In this paper, we provide a complete mathematical construction for a stochastic leaky-integrate-and-fire model (LIF) mimicking the interspike interval (ISI) statistics of a stochastic FitzHugh–Nagumo neuron model (FHN) in the excitable regime, where the unique fixed point is stable. Under specific types of noises, we prove that there exists a global random attractor for the stochastic FHN system. The linearization method is then applied to estimate the firing time and to derive the associated radial equation representing a LIF equation. This result confirms the previous prediction in Ditlevsen and Greenwood (J Math Biol 67(2):239–259, 2013) for the Morris-Lecar neuron model in the bistability regime consisting of a stable fixed point and a stable limit cycle.

## Keywords

FitzHugh–Nagumo model Excitable regime Leaky integrate-and-fire model Random attractor Stationary distribution## Mathematics Subject Classification

60GXX 92BXX## 1 Introduction

Mathematical modeling has emerged as an important tool to handle the overwhelming structural complexity of neuronal processes and to gain a better understanding of their functioning from the dynamics of their model equations. However, the mathematical analysis of biophysically realistic neuron models such as the 4-dimensional Hodgkin–Huxley (HH) (1952) and the 2-dimensional Morris–Lecar (ML) (1981) equations is difficult, as a result of a large parameter space, strong nonlinearities, and a high dimensional phase space of the model equations. The search for simpler, mathematically tractable (small parameter space, weaker nonlinearities, low dimensional phase space) neuron models that still capture all, or at least some important dynamical behaviors of biophysical neurons (HH and ML) has been an active area of research.
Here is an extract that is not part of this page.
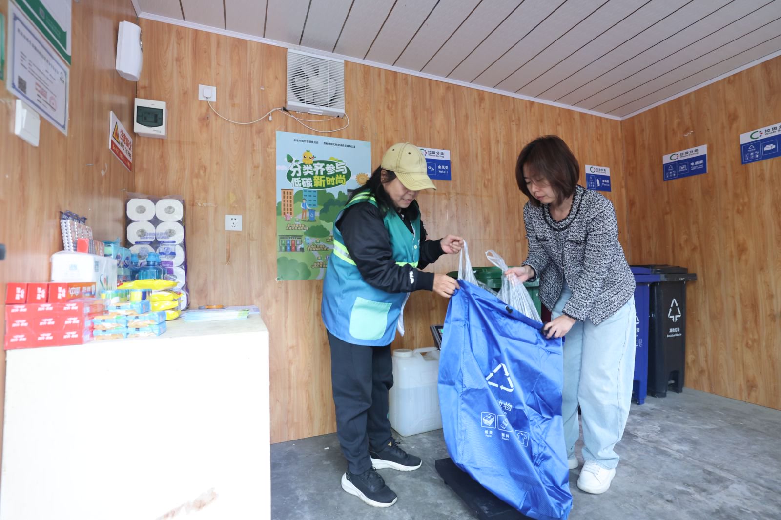 驿站里的工作人员不光收钱、记积分,还会耐心教大家怎么分好类,让每样可回收物都能“物尽其用”。

The efforts in this area of research have resulted in easily computable neuron models which mimic some of the dynamics of biophysical neuron models. One of the resulting models is the 2-dimensional FitzHugh–Nagumo (FHN) neuron model (FitzHugh 1961). The FHN model has been so successful, because it is at the same time mathematically simple and produces a rich dynamical behavior that makes it a model system in many regards, as it reproduces the main dynamical features of the HH model. In fact, the HH model has two types of variables, and each type then is combined into a single variable in FHN: The (*V*, *m*) variables of HH correspond to the *v* variable in FHN, whose fast dynamics represents excitability; the (*h*, *n*) variables correspond to the *w* variable, whose slow dynamics represents accommodation and refractoriness.

The fact that the FHN model is low dimensional makes it possible to visualize the solution and to explain in geometric terms important phenomena related to the excitability and action potential generation mechanisms observed in biological neurons. Of course, this comes at the expense of numerical agreement with the biophysical neuron models (Yamakou 2018). The purpose of the model is not a close match with biophysically realistic high dimensional models, but rather a mathematical explanation of the essential dynamical mechanism behind the firing of a neuron. Moreover, the analysis of such simpler neuron models may lead to the discovery of new phenomena, for which we may then search in the biological neuron models and also in experimental preparations.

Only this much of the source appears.